Evidence That Counts
samuelhansen reblogs a quote by Jessica Luther originally from thefemcritique:
There is a new scientific study that shows that women in science do face discrimination on all levels from all scientists… what is important about this for me is that THIS study counts as good enough evidence. Whereas women scientists saying they are discriminated against is not, in and of itself, proof that women scientists are discriminated against. Now, for women scientists who live this discrimination everyday, these numbers matter because their profession and their society demand the numbers in order to deem the reality of this discrimination a Truth. I just hate that it has to be that way. It should be enough that when a lot of women scientists say they face bias in their work, we believe them. That should be good enough evidence. But it’s not because it falls outside the range of what we consider “empirical evidence.” Funny, that.
Gathering qualitative evidence isn’t just about expanding the scope of our research work, or doing some sort of special “Oprah Winfrey kind of research” - it’s about opening for inspection and analysis a whole subset of the empirical world. That’s in part why it’s so frustrating to watch my field get judged by its worst work. Whether or not current qualitative inquiry lacks rigor, we need these tools, we need them to be wielded in a sophisticated way, and we need them because evidence must exist outside of the formulaic world.

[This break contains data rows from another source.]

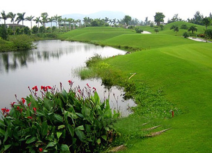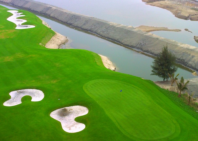 球場(chǎng)配備國(guó)際先進(jìn)水平的配套設(shè)施,最先進(jìn)的電腦系統(tǒng)以及排水設(shè)備,時(shí)刻保持最佳打球環(huán)境。球場(chǎng)延緩蘇格蘭古樸風(fēng)范,展開夢(mèng)幻般絢麗場(chǎng)景:充水鄉(xiāng)韻味的球場(chǎng)內(nèi),一條全長(zhǎng)1.5公里的海岸線;星羅棋布的人工湖,與小河交織成網(wǎng), 將球場(chǎng)雕塑成一塊塊開頭各異的"綠洲"。揮桿者乘船打球,乘船往來,成為高球場(chǎng)一大特色。飄逸起伏的球道或直向上,跌宕而下;或逼仄曲折,撲朔迷離;或?qū)掗熯b長(zhǎng),草天相接。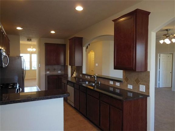 Beautiful two story home with stone and brick front plus a front porch! Tile in entry, kitchen, baths and utility room. Carpet in the living areas and bedrooms. Lots of space. Kitchen is open to huge den and breakfast, includes 42 in cabs, granite counter tops, exquisite tile/glass back splash, pantry. Master bath includes separate shower, garden tub, separated his/her sink and a large walk-in closet with built-ins. The staircase is highlighted with wrought iron spindles that lead you to the huge upstairs game room, 3 spacious bedrooms and 2 full baths with tile floors and tile surround in the tub/shower! Entertain on the big patio in back yard! Lots of great storage, walk-in closets, linen closets and walk-in attic storage. Refrigerator, washer and dryer are included.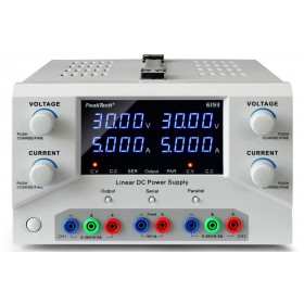 Fuente de Alimentación de Laboratorio CC, 2x 0-30V 0-5A, 5V 1A, Controlado via USB, Instrumentos Digitales para Voltaje, y Corriente Fuente de alimentación lineal de laboratorio fiable y segura gracias al transformador de aislamiento integrado. Dos salidas regulables de 0 a 30 V y de 0 a 5 A y una salida de tensión fija de 5V 1A. Valores configurables de forma rápida y precisa con ajuste grueso y fino. Las salidas pueden conectarse en serie o en paralelo mediante los botones "Serial" o "Parallel". Los valores se aplican al pulsar "Output", evitando cambios involuntarios. Las pantallas LED azules de 4 dígitos indican con precisión voltaje y corriente. Suministrado con cable de alimentación IEC con enchufe EU. También disponible con enchufe UK o US sin coste adicional. Especificar...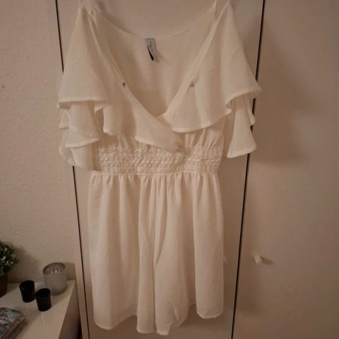 Vit byxdress krage och en unik asymmetrisk fåll. Har en markerad midja.
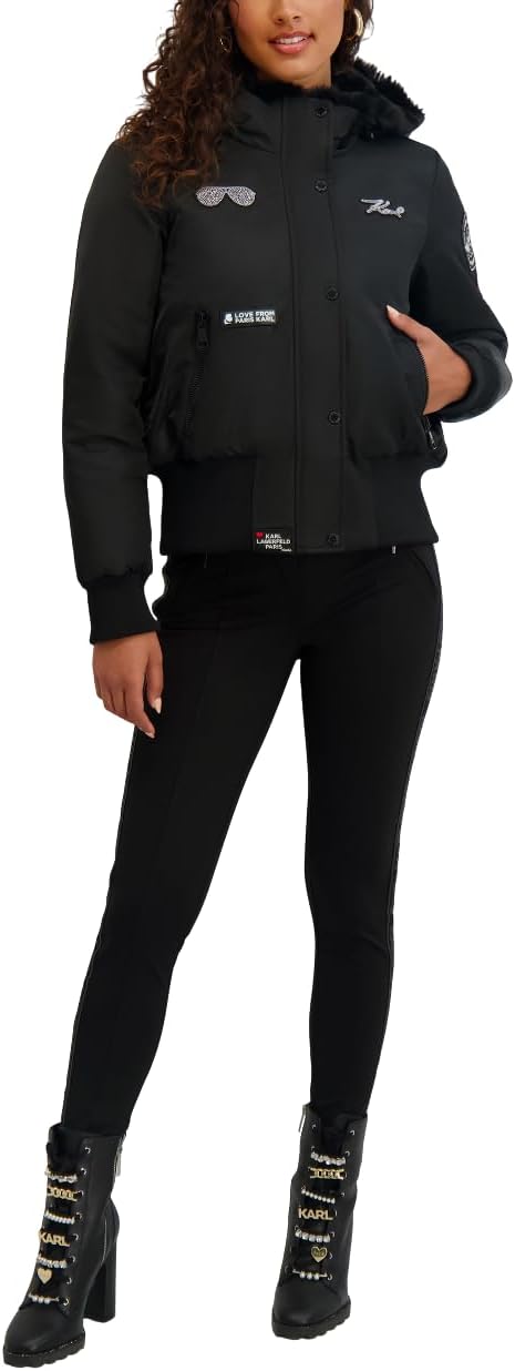 KARL LAGERFELD Paris Women's Water Resistant Cropped Patch Bomber Black, Medium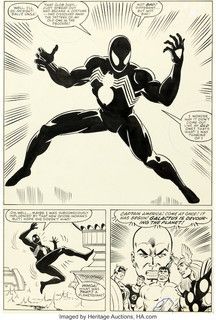 La tavola a tre pannelli, disegnata da Mike Zeck, è tratta dal numero 8 di Secret Wars, una serie pubblicata dalla Marvel Comics nel 1984-85. "Questa pagina è stata la grande rivelazione a cui alludeva la copertina! È qui che Peter Parker ha davvero ottenuto il suo nuovo vestito nero elegante", spiega la casa d'aste Heritage Auctions descrivendo la pagina 25 della pubblicazione.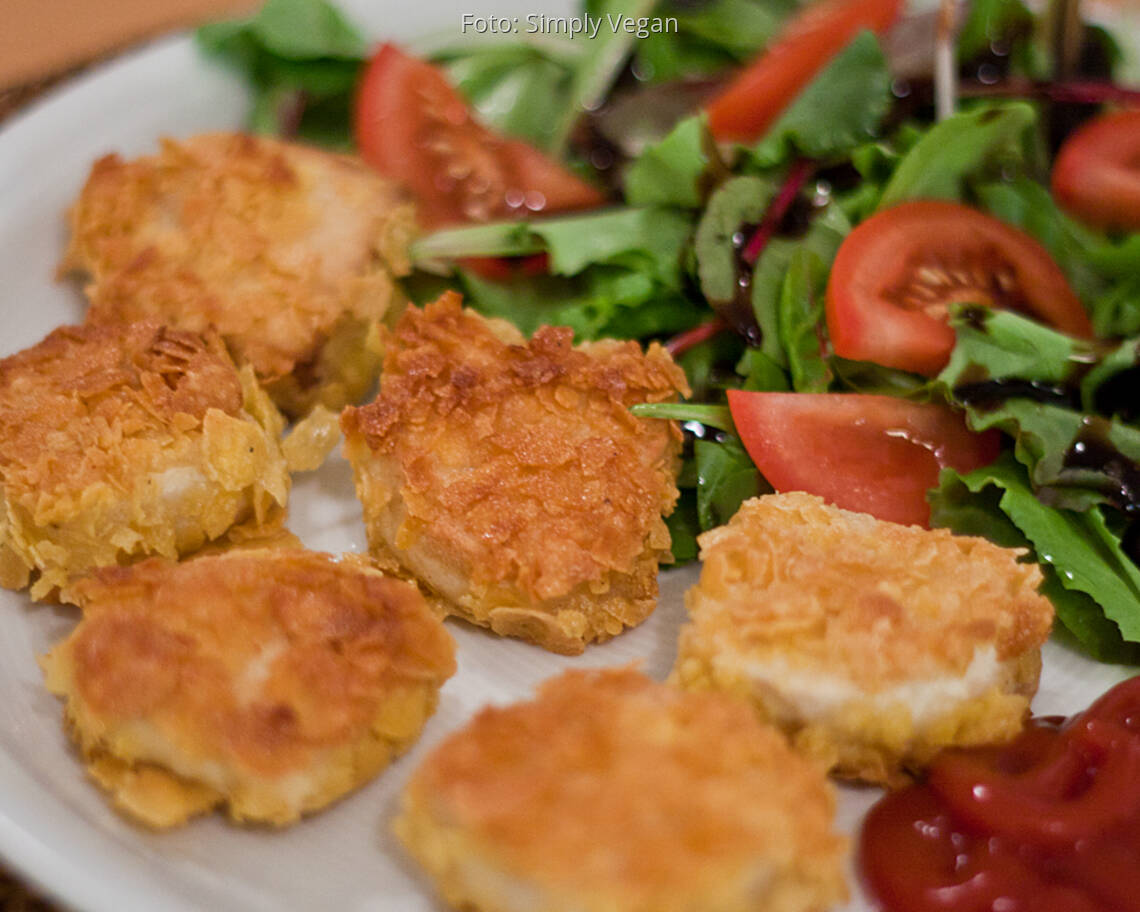 Die Tofunuggets erst in dem Teig-Gemisch und dann in den Cornflakes wenden.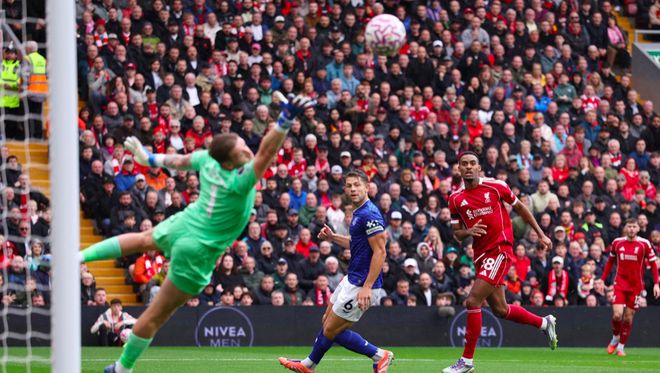 第29分钟,利物浦前场反抢,赫拉芬贝赫送出助攻,埃基蒂克冷静推射,帮助利物浦取得领先优势。埃基蒂克7场比赛打进4球,追平了在巴黎33场的进球数,其中5场英超打进3球。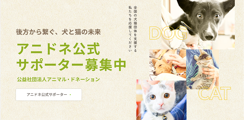 公益社団法人アニマル・ドネーションは、動物専門の寄付サイトを運営する中間支援組織です。動物福祉向上のためにがんばっている人(認定団体)と、支援したいキモチ(寄付)をつないでいます。ご寄付は53の認定団体に届け、その活動内容や資金の使い途まで見守っていきます。

Even if you’re not a qualitative researcher by trade, anybody who’s into ideas can listen and react qualitatively when the situation calls for it. One crucial way is validating the experience of others - not because those experiences have been historically or culturally devalued over time (though they have), but simply because they exist as a reality worth study.
In Praise of Subjectivity
At Christmas Eve mass with my grandmother this year, I watched a priest read the full version of the Gospel of Matthew for the day, which lists in detail the 42 generations between Abraham and Jesus. As he did so, I remember thinking it odd, but not necessarily unusual or suspect. The priest’s homily, which followed, was a more dramatic departure from the spirit of the occasion: he chose to scold all of us for how bored and uninterested we must have been during the reading of these 42 names. The reading of the names of dead veterans and children in Connecticut were invoked as reasons why respect for such name reading is important. The message this priest chose for Christmas, then, was not only one which somehow ignored the spiritual significance of the Christian holiday, but was premised entirely on how he believed a group of people would feel without ever asking them.

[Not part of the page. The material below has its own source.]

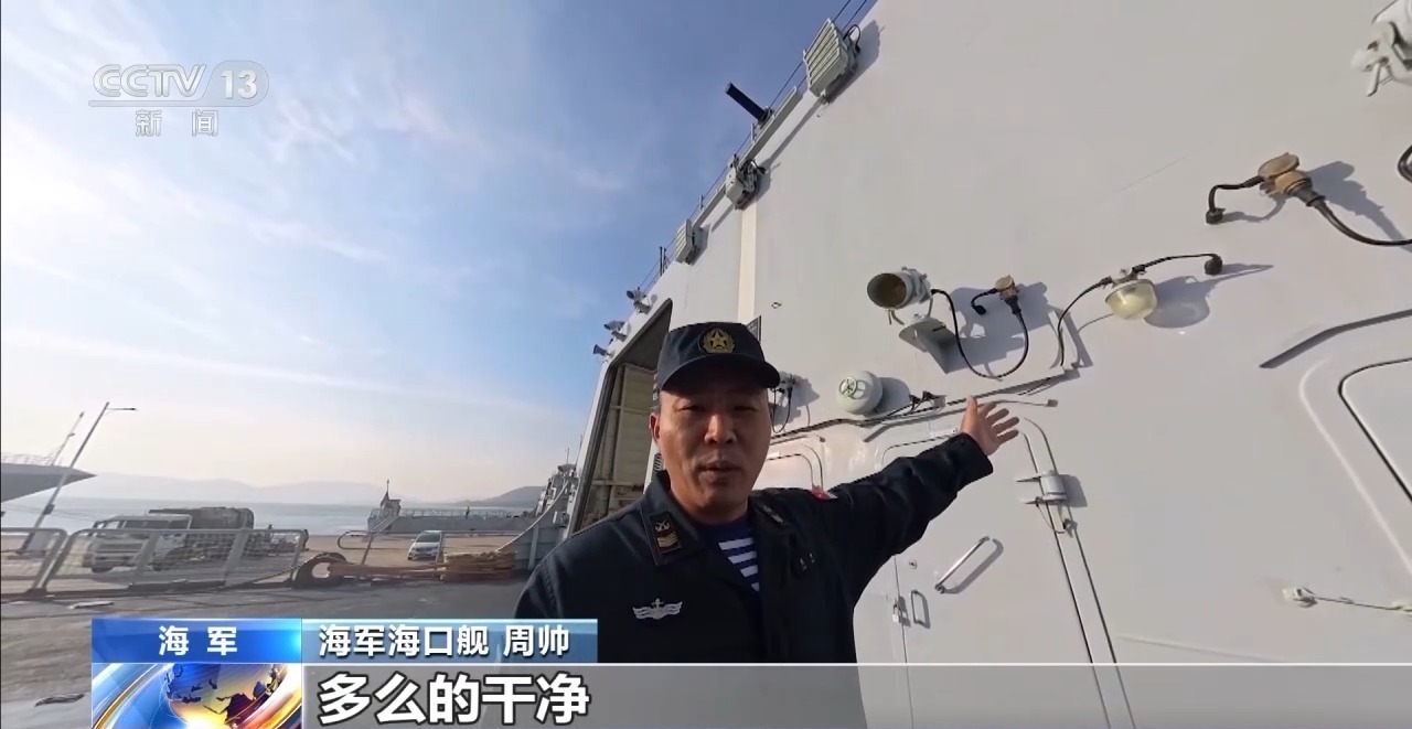 海军海口舰 周帅:大家好,我是周帅,是海口舰的一名战士,刚刚结束了这次远海实战化训练,任务圆满顺利。现在到甲板上带大家一块吹吹海风,感受一下母港的温暖的气息。可以看到,我们起降平台的立壁,多么的干净。

As you may know, I’m a graduate student, nurturing a nascent career in qualitative research. I’m also a Christian and, as I’ve discussed elsewhere, in the midst of a transition from Catholic to Episcopalian, having started my adult faith life at Catholic University in Washington, DC. At Catholic, I met some of the smartest people I have ever known, people with deep backgrounds in philosophy and in science, people committed to a life of the mind. Many of those same smart people were the intolerant, judgmental sons of guns you may rightly assume would find themselves attracted to a small, private Catholic college less than a mile and a half from the US Capitol. They had received and developed some of the most complex epistemologies and ethical systems imaginable, yet they had become completely disconnected from the motivations and the limitations of the people those systems ostensibly applied to.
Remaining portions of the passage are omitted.